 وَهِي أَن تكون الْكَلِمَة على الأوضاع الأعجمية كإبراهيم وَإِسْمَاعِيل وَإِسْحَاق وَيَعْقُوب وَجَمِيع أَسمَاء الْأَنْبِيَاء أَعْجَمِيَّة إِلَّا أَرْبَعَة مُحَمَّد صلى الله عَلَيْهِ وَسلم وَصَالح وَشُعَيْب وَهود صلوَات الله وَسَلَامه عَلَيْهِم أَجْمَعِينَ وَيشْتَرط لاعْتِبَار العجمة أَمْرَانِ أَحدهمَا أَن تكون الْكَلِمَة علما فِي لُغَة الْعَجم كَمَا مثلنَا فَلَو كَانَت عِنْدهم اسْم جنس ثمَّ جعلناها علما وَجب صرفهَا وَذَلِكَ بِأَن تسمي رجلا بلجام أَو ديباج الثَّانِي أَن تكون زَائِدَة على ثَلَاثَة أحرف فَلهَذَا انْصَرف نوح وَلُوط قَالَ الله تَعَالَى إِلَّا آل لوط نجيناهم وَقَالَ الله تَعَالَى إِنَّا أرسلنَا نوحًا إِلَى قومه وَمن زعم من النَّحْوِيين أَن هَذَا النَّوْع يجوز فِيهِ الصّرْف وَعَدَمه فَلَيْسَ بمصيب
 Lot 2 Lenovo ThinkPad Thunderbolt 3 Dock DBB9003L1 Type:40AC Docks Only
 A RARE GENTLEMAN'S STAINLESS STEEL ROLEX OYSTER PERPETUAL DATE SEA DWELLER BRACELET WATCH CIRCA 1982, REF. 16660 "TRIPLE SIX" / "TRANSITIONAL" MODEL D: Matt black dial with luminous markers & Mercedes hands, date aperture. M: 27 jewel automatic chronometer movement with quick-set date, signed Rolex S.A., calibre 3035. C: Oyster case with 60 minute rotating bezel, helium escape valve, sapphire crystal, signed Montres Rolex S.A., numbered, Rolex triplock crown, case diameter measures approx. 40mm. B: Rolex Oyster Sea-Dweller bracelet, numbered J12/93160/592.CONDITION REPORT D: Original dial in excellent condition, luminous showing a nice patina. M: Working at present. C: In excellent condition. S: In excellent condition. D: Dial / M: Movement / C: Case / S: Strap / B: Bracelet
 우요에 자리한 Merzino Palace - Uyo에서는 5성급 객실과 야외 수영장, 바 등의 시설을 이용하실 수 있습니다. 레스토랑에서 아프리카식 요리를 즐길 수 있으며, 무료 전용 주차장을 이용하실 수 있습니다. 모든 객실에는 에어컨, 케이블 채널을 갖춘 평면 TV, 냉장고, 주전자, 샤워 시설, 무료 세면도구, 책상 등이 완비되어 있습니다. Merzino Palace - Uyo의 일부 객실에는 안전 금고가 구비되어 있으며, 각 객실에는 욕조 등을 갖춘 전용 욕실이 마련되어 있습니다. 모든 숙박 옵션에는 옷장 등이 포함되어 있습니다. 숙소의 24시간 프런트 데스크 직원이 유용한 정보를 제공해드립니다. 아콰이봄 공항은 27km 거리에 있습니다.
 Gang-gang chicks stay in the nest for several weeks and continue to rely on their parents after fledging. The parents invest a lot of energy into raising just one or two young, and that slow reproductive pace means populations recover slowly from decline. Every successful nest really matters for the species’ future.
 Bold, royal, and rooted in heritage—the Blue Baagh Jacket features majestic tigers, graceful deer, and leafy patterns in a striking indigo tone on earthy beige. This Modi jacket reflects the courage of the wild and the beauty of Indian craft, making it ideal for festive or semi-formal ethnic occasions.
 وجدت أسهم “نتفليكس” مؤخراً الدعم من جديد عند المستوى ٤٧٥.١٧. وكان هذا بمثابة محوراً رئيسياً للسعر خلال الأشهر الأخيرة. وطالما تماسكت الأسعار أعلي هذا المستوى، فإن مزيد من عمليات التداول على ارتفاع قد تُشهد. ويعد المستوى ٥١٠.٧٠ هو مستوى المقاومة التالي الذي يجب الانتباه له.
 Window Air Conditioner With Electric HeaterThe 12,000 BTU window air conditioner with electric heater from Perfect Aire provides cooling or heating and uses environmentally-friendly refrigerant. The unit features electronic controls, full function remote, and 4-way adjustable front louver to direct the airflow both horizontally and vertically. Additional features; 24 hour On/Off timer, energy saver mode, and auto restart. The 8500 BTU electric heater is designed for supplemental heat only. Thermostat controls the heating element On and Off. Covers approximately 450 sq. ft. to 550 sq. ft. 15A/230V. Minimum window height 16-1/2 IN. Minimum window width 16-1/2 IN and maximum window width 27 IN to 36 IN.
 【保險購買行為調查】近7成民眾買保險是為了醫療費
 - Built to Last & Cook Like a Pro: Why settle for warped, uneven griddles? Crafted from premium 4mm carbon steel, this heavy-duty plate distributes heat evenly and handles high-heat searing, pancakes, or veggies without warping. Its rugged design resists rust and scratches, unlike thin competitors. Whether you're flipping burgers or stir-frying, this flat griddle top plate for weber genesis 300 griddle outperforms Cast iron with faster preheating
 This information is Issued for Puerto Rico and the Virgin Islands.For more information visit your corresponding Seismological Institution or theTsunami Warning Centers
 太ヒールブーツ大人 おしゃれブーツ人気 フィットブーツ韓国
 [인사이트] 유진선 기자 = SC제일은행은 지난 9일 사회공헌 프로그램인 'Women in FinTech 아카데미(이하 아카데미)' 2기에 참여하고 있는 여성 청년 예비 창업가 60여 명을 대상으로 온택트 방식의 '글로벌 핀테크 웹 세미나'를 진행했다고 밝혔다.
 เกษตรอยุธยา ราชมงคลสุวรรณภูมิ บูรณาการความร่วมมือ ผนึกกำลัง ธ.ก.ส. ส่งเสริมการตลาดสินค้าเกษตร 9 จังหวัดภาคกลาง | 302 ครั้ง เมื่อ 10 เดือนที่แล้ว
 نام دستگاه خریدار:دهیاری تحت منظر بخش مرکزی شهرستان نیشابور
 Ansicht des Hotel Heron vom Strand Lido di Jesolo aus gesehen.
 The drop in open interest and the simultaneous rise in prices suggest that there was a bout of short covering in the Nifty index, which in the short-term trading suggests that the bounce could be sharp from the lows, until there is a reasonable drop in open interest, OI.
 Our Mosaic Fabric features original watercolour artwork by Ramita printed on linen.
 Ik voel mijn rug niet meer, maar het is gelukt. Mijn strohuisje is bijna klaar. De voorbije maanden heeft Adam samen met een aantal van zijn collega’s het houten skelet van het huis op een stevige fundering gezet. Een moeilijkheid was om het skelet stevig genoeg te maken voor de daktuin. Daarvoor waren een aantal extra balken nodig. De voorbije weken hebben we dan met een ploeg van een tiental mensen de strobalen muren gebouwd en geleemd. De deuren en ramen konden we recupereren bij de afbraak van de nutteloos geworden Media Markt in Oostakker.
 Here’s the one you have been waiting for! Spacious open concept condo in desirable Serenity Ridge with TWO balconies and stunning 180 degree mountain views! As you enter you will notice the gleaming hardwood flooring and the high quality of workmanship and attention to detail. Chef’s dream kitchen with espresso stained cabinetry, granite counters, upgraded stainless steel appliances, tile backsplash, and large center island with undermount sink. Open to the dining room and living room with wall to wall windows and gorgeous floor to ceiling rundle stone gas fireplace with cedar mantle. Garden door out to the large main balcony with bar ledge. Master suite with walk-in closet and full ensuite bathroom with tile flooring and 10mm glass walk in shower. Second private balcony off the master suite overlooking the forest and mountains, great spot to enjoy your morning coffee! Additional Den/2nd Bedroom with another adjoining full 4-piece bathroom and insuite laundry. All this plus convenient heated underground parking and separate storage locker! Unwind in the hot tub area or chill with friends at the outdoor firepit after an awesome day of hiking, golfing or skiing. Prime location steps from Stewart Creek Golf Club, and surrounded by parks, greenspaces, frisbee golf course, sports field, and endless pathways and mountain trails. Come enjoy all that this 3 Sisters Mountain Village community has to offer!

════

The exact lines of the material above starting at the one that contains "The drop in" and ending at the one that contains "Our Mosaic Fabric" are what to retype; leave out everything else.

 The drop in open interest and the simultaneous rise in prices suggest that there was a bout of short covering in the Nifty index, which in the short-term trading suggests that the bounce could be sharp from the lows, until there is a reasonable drop in open interest, OI.
 Our Mosaic Fabric features original watercolour artwork by Ramita printed on linen.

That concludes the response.